:: RECORDED INFORMATION ::

◇ ◇ ◇ ◇ ◇

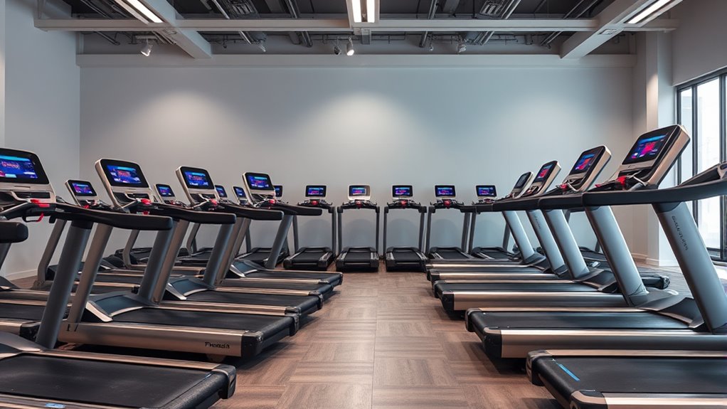To keep your high-tech treadmill lasting, I recommend regular cleaning of the deck and sensors to prevent dust buildup. Lubricate the belt as instructed to reduce wear and guarantee smooth operation. Check and tighten bolts periodically, and keep the motor vents clear of debris. Also, follow the manufacturer’s maintenance schedule and update software when prompted. A little routine care goes a long way in maintaining peak performance and extending your treadmill’s lifespan.
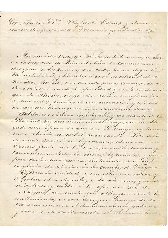 Aquí veiem digitalitzada la carta d’agraïment que va fer arribar a l'Ajuntament de l'Hospitalet el general Baldomero d’Espartero, signada per ell mateix el 6 de març de 1869 que es conserva a l’Arxiu Municipal de l’Hospitalet, en la que es declara profundament emocionat per aquest reconeixement i fa una defensa dels valors liberals que el van animar sempre.
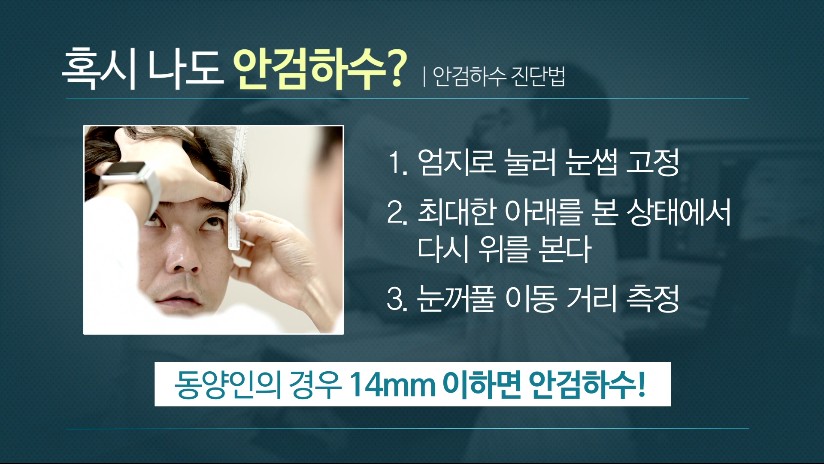 2. 정상인의 눈꺼풀은 14mm 이상 이동하고 안검하수가 있으면 이 상안검거근의 기능이 14mm 이하로 떨어지게 되는데 기능이 저하되는 정도에 따라 수술법이 달라진다.

◇ ◇ ◇ ◇ ◇

:: TASK OBJECTIVE ::
From the first line to the last, retype the data above exactly, but not its images.

:: YOUR SOLUTION ::
To keep your high-tech treadmill lasting, I recommend regular cleaning of the deck and sensors to prevent dust buildup. Lubricate the belt as instructed to reduce wear and guarantee smooth operation. Check and tighten bolts periodically, and keep the motor vents clear of debris. Also, follow the manufacturer’s maintenance schedule and update software when prompted. A little routine care goes a long way in maintaining peak performance and extending your treadmill’s lifespan.
 Aquí veiem digitalitzada la carta d’agraïment que va fer arribar a l'Ajuntament de l'Hospitalet el general Baldomero d’Espartero, signada per ell mateix el 6 de març de 1869 que es conserva a l’Arxiu Municipal de l’Hospitalet, en la que es declara profundament emocionat per aquest reconeixement i fa una defensa dels valors liberals que el van animar sempre.
 2. 정상인의 눈꺼풀은 14mm 이상 이동하고 안검하수가 있으면 이 상안검거근의 기능이 14mm 이하로 떨어지게 되는데 기능이 저하되는 정도에 따라 수술법이 달라진다.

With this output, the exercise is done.